ABOUT THIS TASK: Skip the images. Copy the records exactly as written.

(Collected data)
################

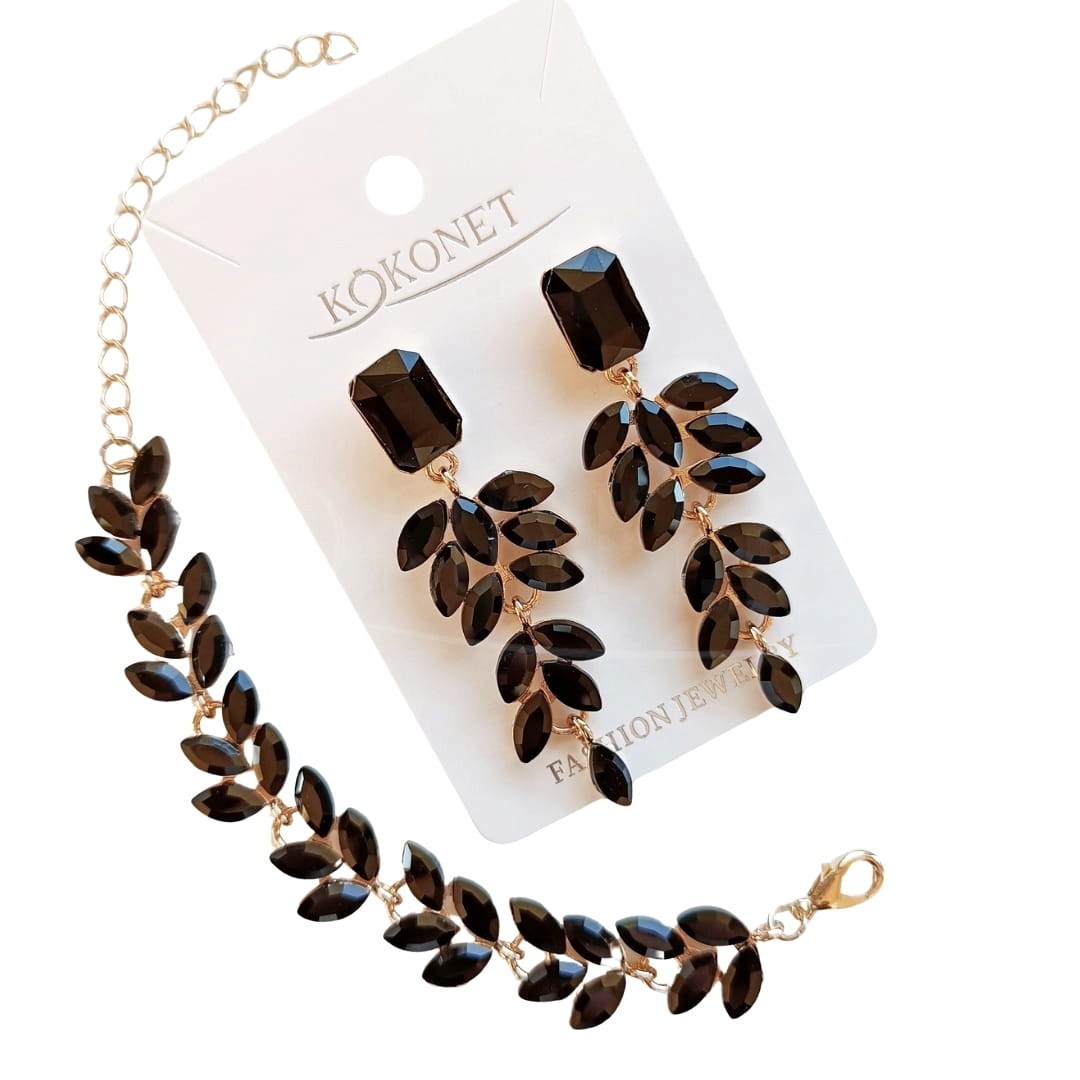 Elegantní zlatý náramek s nastavitelným zapínáním a odpovídajícími náušnicemi jemně spojuje klasiku s moderností. Jemné lístky zdobené černými zirkony dodávají výjimečný lesk, který přitahuje pozornost. Tento šperkový set dokonale doplní jak večerní, tak každodenní stylingy.
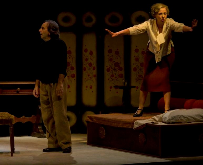 Tra i due personaggi in scena si instaura così un teso duello, condotto mediante uno scambio ininterrotto di ricatti e ritorsioni, di menzogne e affabulazioni, in una cornice scenica apparentemente dall’aria domestica e rassicurante – firmata insieme ai costumi da Red Bodò – che però, nell’offrire un perimetro ben preciso ai fantasmi mentali dei protagonisti, finisce per assumere i toni e le suggestioni di un realismo allucinato. In questo microcosmo dai confini continuamente invocati e negati, madre e figlio si inseguono, si cercano e si respingono saccheggiando presente, passato e futuro, in una incalzante altalena di emozioni che hanno nel grottesco la tonalità dominante.
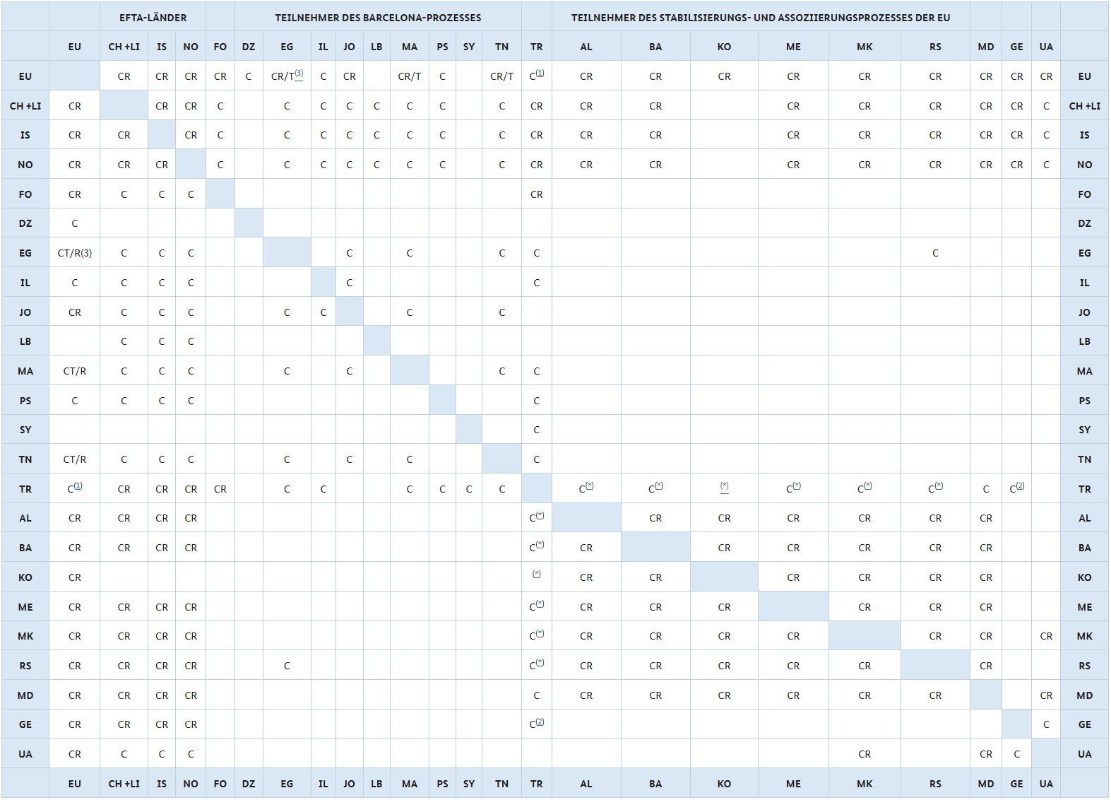 Zusätzlich hat der Gemischte Ausschuss des Regionalen Übereinkommens am 12. Dezember 2024 eine Verlängerung der bisherigen Regeln des Regionalen Übereinkommens neben weiteren Übergangsbestimmungen beschlossen. Damit ist die Verwendung der bisherigen Regeln für ein weiteres Jahr möglich, sofern die Abkommens-Parteien diese Übergangsbestimmungen auf nationaler Ebene ratifiziert haben. Die Ratifizierung der Übergangsbestimmungen gemäß Beschluss Nr. 2/2024 wird in der Matrix der Kumulierungsmöglichkeiten mit „CR“ gekennzeichnet. Abkommen, die noch auf dem alten Regelwerk basieren, sind in der Matrix mit „C“ gekennzeichnet.
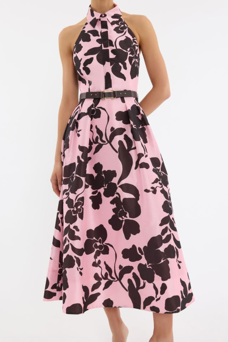 The Connie Halter Midi Dress seamlessly blends refined sophistication with a playful floral print in pink and chocolate hues. Highlighting a collared halter neckline, its fitted bodice is detailed with princess seams for a polished finish, complemented by the low open back for added style. Its circular midi skirt shapes an elegant silhouette, cinched at the waist by a PU belt with a gold buckle. Lined and secured with a zip fastening at the back, this dress is a versatile choice for both day and night occasions.
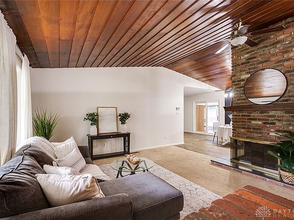 Welcome to this beautifully updated brick ranch! Featuring 3 bedrooms, 1.5 baths, and over 1,400 sq ft, this one-floor home offers the perfect blend of comfort, style, and low-maintenance living. When you enter, the spacious living room showcases a vaulted wood ceiling, brick fireplace, and a large picture window that fills the space with natural light. The open kitchen provides generous counter space and flows seamlessly into the dining and family rooms. A built-in adds character, while the enclosed sunroom offers a versatile bonus space to relax or entertain. Recent owner updates make this home truly move-in ready: All new HVAC system (2022), New gas water heater (2022), New sunroom flooring (2024), New roof (2025), Main bath fully remodeled (2025), New paver patio (2025). Outside, enjoy a fully fenced backyard, storage shed, and new patio perfect for gatherings. The 2-car garage also provides attic storage. Ideally located near shopping, dining, parks, and quick access to I-75, this West Carrollton area gem has it all. Schedule your showing today!
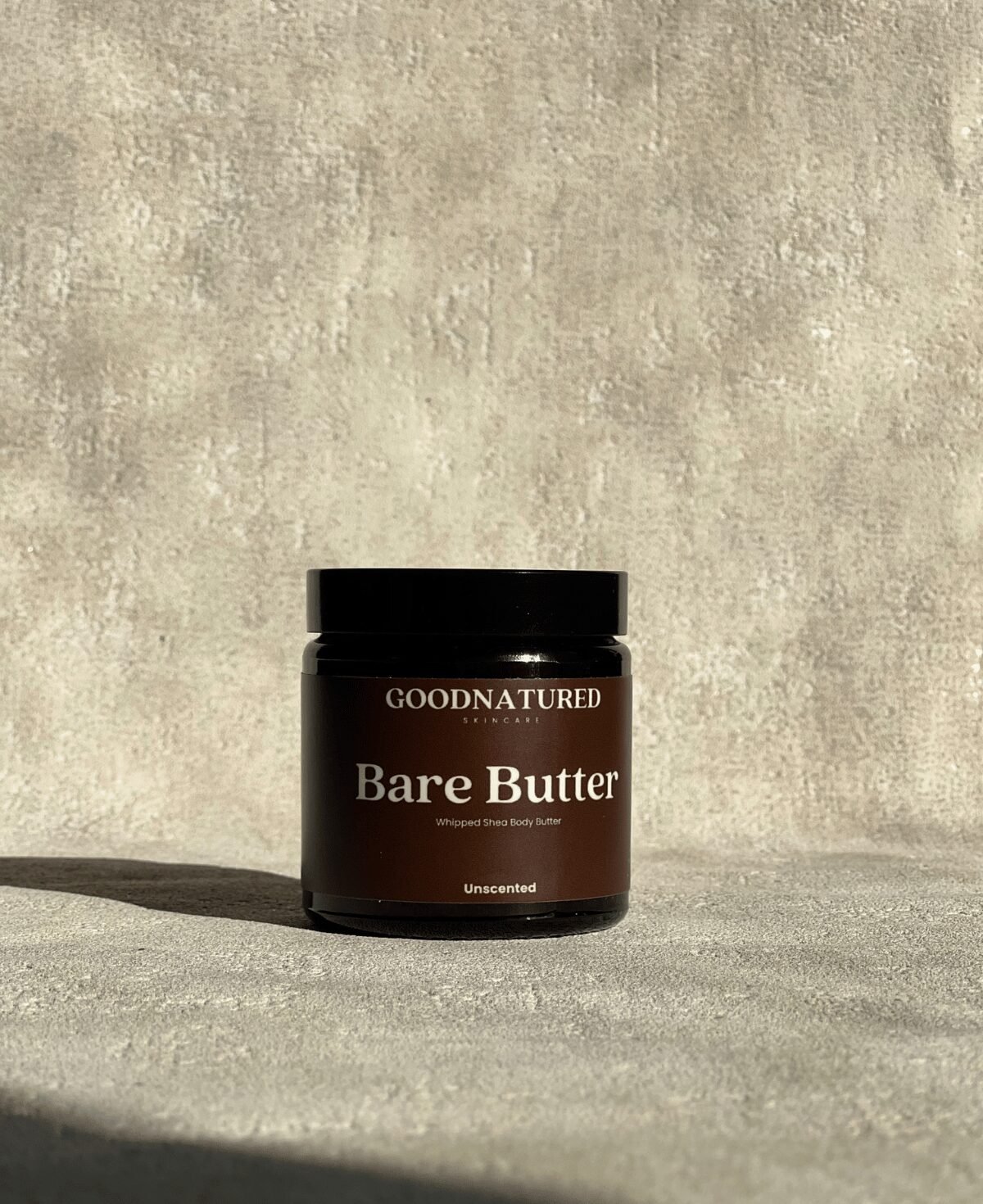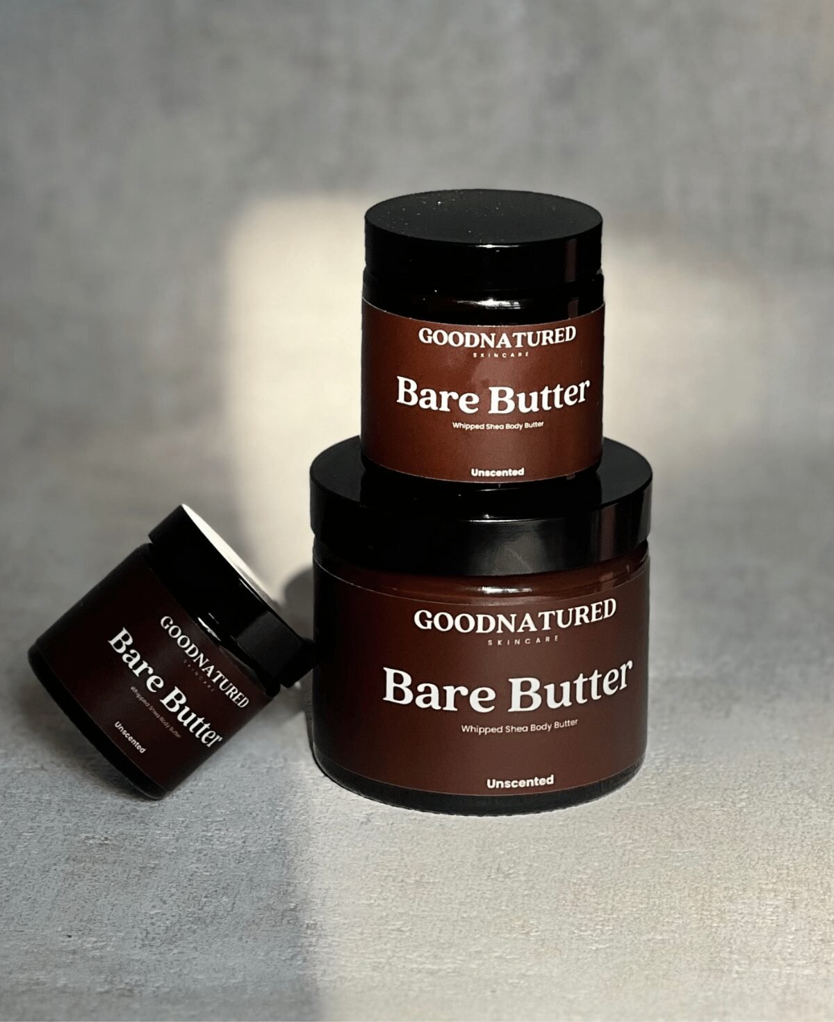 Bare Butter harnesses the botanical powers of shea butter, shea oil, and East African Shea Nilotica, to create the creamy all-over body butter of your dreams. Rich in vitamins A, E & F, this triple shea goodness is cold blended to retain its nutrients and maximise skin benefits. Unscented and suitable for even the most delicate skin, this multipurpose butter can be used on your entire body from head to toe, gestation to geriatrics, and on all skin types. Coconut oil-free, we have intentionally formulated a moisturising butter that is non-comedogenic (does not clog pores). Great for all seasons and weather, this luxuriously indulgent moisturiser simply melts into your skin for butter soft, silky smooth skin all day and night long.
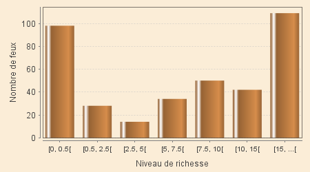 La répartition des « feux » et celle des personnes par niveaux de richesse reproduisent, naturellement, le graphique précédent. Mais les graphiques montrent clairement, par leurs répartitions très particulières, ce qu'a réaliser le recenseur. Plus de 100 « feux » seraient dans la richesse et à peine moins seraient dans l'extrême pauvreté ! Ce qui est absurde.
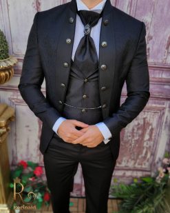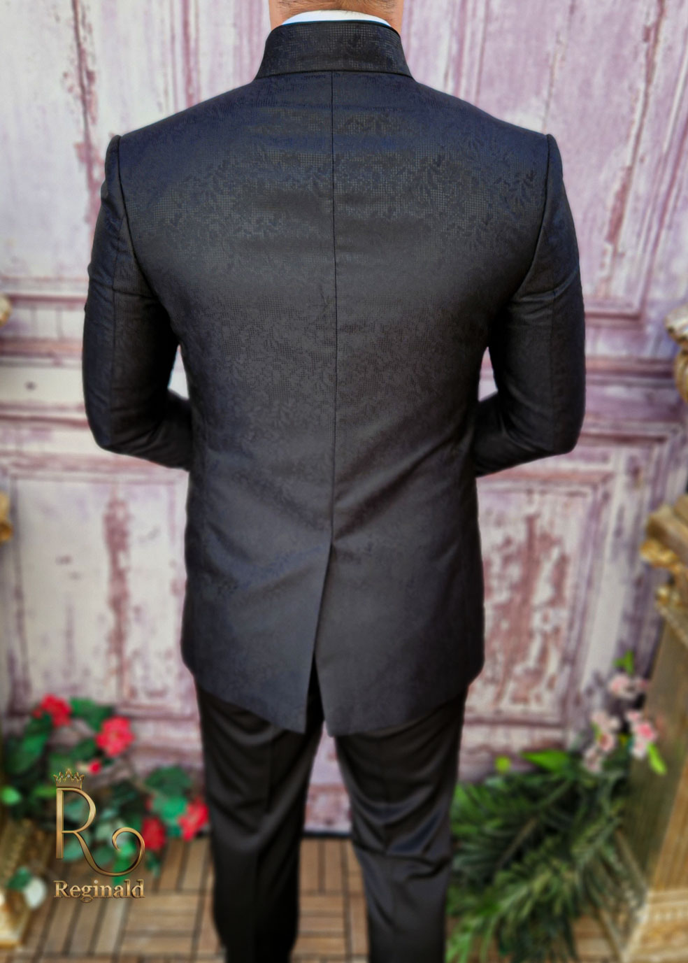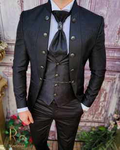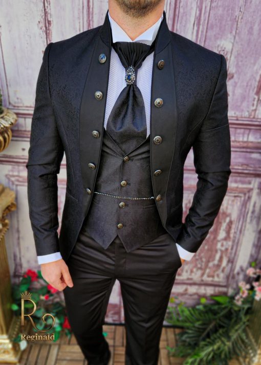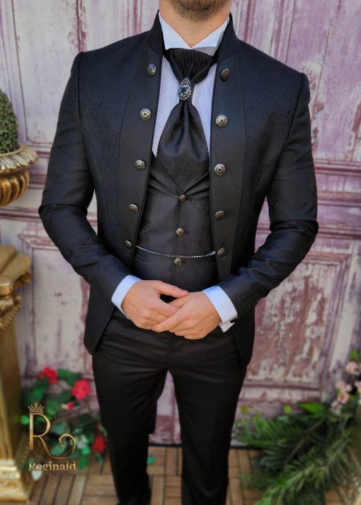 Sacoul este cu tunica, cu nasturi de-a lungul revereului

################

RESPONSE BELOW:
 Elegantní zlatý náramek s nastavitelným zapínáním a odpovídajícími náušnicemi jemně spojuje klasiku s moderností. Jemné lístky zdobené černými zirkony dodávají výjimečný lesk, který přitahuje pozornost. Tento šperkový set dokonale doplní jak večerní, tak každodenní stylingy.
 Tra i due personaggi in scena si instaura così un teso duello, condotto mediante uno scambio ininterrotto di ricatti e ritorsioni, di menzogne e affabulazioni, in una cornice scenica apparentemente dall’aria domestica e rassicurante – firmata insieme ai costumi da Red Bodò – che però, nell’offrire un perimetro ben preciso ai fantasmi mentali dei protagonisti, finisce per assumere i toni e le suggestioni di un realismo allucinato. In questo microcosmo dai confini continuamente invocati e negati, madre e figlio si inseguono, si cercano e si respingono saccheggiando presente, passato e futuro, in una incalzante altalena di emozioni che hanno nel grottesco la tonalità dominante.
 Zusätzlich hat der Gemischte Ausschuss des Regionalen Übereinkommens am 12. Dezember 2024 eine Verlängerung der bisherigen Regeln des Regionalen Übereinkommens neben weiteren Übergangsbestimmungen beschlossen. Damit ist die Verwendung der bisherigen Regeln für ein weiteres Jahr möglich, sofern die Abkommens-Parteien diese Übergangsbestimmungen auf nationaler Ebene ratifiziert haben. Die Ratifizierung der Übergangsbestimmungen gemäß Beschluss Nr. 2/2024 wird in der Matrix der Kumulierungsmöglichkeiten mit „CR“ gekennzeichnet. Abkommen, die noch auf dem alten Regelwerk basieren, sind in der Matrix mit „C“ gekennzeichnet.
 The Connie Halter Midi Dress seamlessly blends refined sophistication with a playful floral print in pink and chocolate hues. Highlighting a collared halter neckline, its fitted bodice is detailed with princess seams for a polished finish, complemented by the low open back for added style. Its circular midi skirt shapes an elegant silhouette, cinched at the waist by a PU belt with a gold buckle. Lined and secured with a zip fastening at the back, this dress is a versatile choice for both day and night occasions.
 Welcome to this beautifully updated brick ranch! Featuring 3 bedrooms, 1.5 baths, and over 1,400 sq ft, this one-floor home offers the perfect blend of comfort, style, and low-maintenance living. When you enter, the spacious living room showcases a vaulted wood ceiling, brick fireplace, and a large picture window that fills the space with natural light. The open kitchen provides generous counter space and flows seamlessly into the dining and family rooms. A built-in adds character, while the enclosed sunroom offers a versatile bonus space to relax or entertain. Recent owner updates make this home truly move-in ready: All new HVAC system (2022), New gas water heater (2022), New sunroom flooring (2024), New roof (2025), Main bath fully remodeled (2025), New paver patio (2025). Outside, enjoy a fully fenced backyard, storage shed, and new patio perfect for gatherings. The 2-car garage also provides attic storage. Ideally located near shopping, dining, parks, and quick access to I-75, this West Carrollton area gem has it all. Schedule your showing today!
 Bare Butter harnesses the botanical powers of shea butter, shea oil, and East African Shea Nilotica, to create the creamy all-over body butter of your dreams. Rich in vitamins A, E & F, this triple shea goodness is cold blended to retain its nutrients and maximise skin benefits. Unscented and suitable for even the most delicate skin, this multipurpose butter can be used on your entire body from head to toe, gestation to geriatrics, and on all skin types. Coconut oil-free, we have intentionally formulated a moisturising butter that is non-comedogenic (does not clog pores). Great for all seasons and weather, this luxuriously indulgent moisturiser simply melts into your skin for butter soft, silky smooth skin all day and night long.
 La répartition des « feux » et celle des personnes par niveaux de richesse reproduisent, naturellement, le graphique précédent. Mais les graphiques montrent clairement, par leurs répartitions très particulières, ce qu'a réaliser le recenseur. Plus de 100 « feux » seraient dans la richesse et à peine moins seraient dans l'extrême pauvreté ! Ce qui est absurde.
 Sacoul este cu tunica, cu nasturi de-a lungul revereului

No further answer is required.